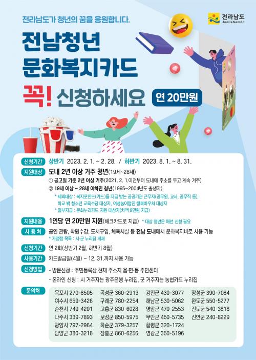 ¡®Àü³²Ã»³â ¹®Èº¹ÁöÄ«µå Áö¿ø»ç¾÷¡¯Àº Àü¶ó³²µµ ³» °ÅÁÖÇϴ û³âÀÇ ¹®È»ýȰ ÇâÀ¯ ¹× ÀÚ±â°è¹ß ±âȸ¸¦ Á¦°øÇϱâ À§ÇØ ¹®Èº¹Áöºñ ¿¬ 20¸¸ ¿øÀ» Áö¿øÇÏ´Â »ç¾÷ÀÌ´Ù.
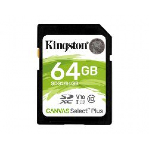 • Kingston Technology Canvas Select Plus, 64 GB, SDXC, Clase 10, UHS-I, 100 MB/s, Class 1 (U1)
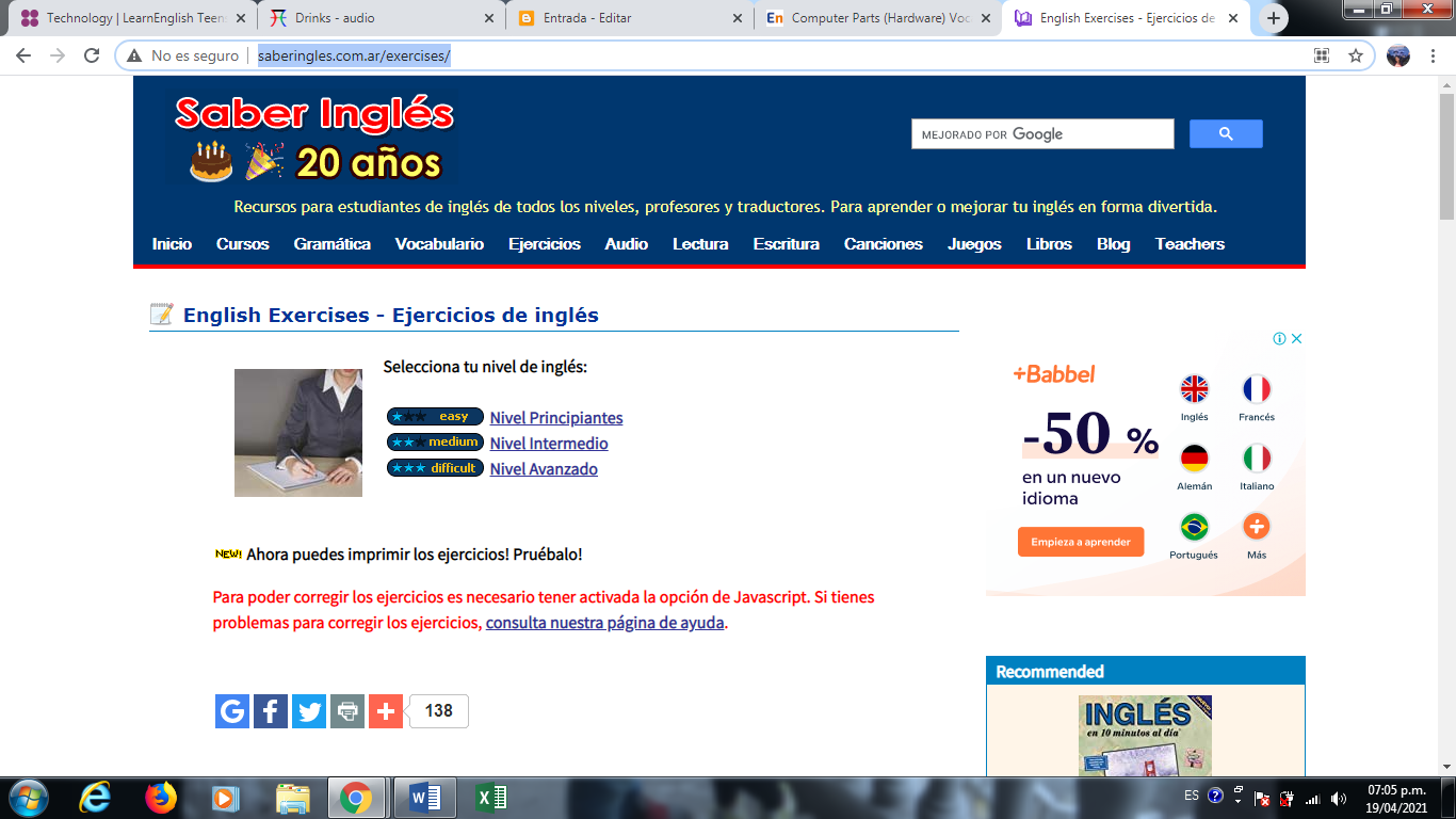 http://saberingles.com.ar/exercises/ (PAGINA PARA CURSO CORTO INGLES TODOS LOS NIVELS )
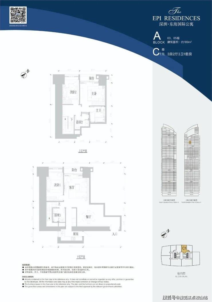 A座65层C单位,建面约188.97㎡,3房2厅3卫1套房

THE PROBLEM: From the first line above through the line containing "Class 1 (U1)", copy everything exactly, without the pictures.

SOLVED EXERCISE:
 ¡®Àü³²Ã»³â ¹®Èº¹ÁöÄ«µå Áö¿ø»ç¾÷¡¯Àº Àü¶ó³²µµ ³» °ÅÁÖÇϴ û³âÀÇ ¹®È»ýȰ ÇâÀ¯ ¹× ÀÚ±â°è¹ß ±âȸ¸¦ Á¦°øÇϱâ À§ÇØ ¹®Èº¹Áöºñ ¿¬ 20¸¸ ¿øÀ» Áö¿øÇÏ´Â »ç¾÷ÀÌ´Ù.
 • Kingston Technology Canvas Select Plus, 64 GB, SDXC, Clase 10, UHS-I, 100 MB/s, Class 1 (U1)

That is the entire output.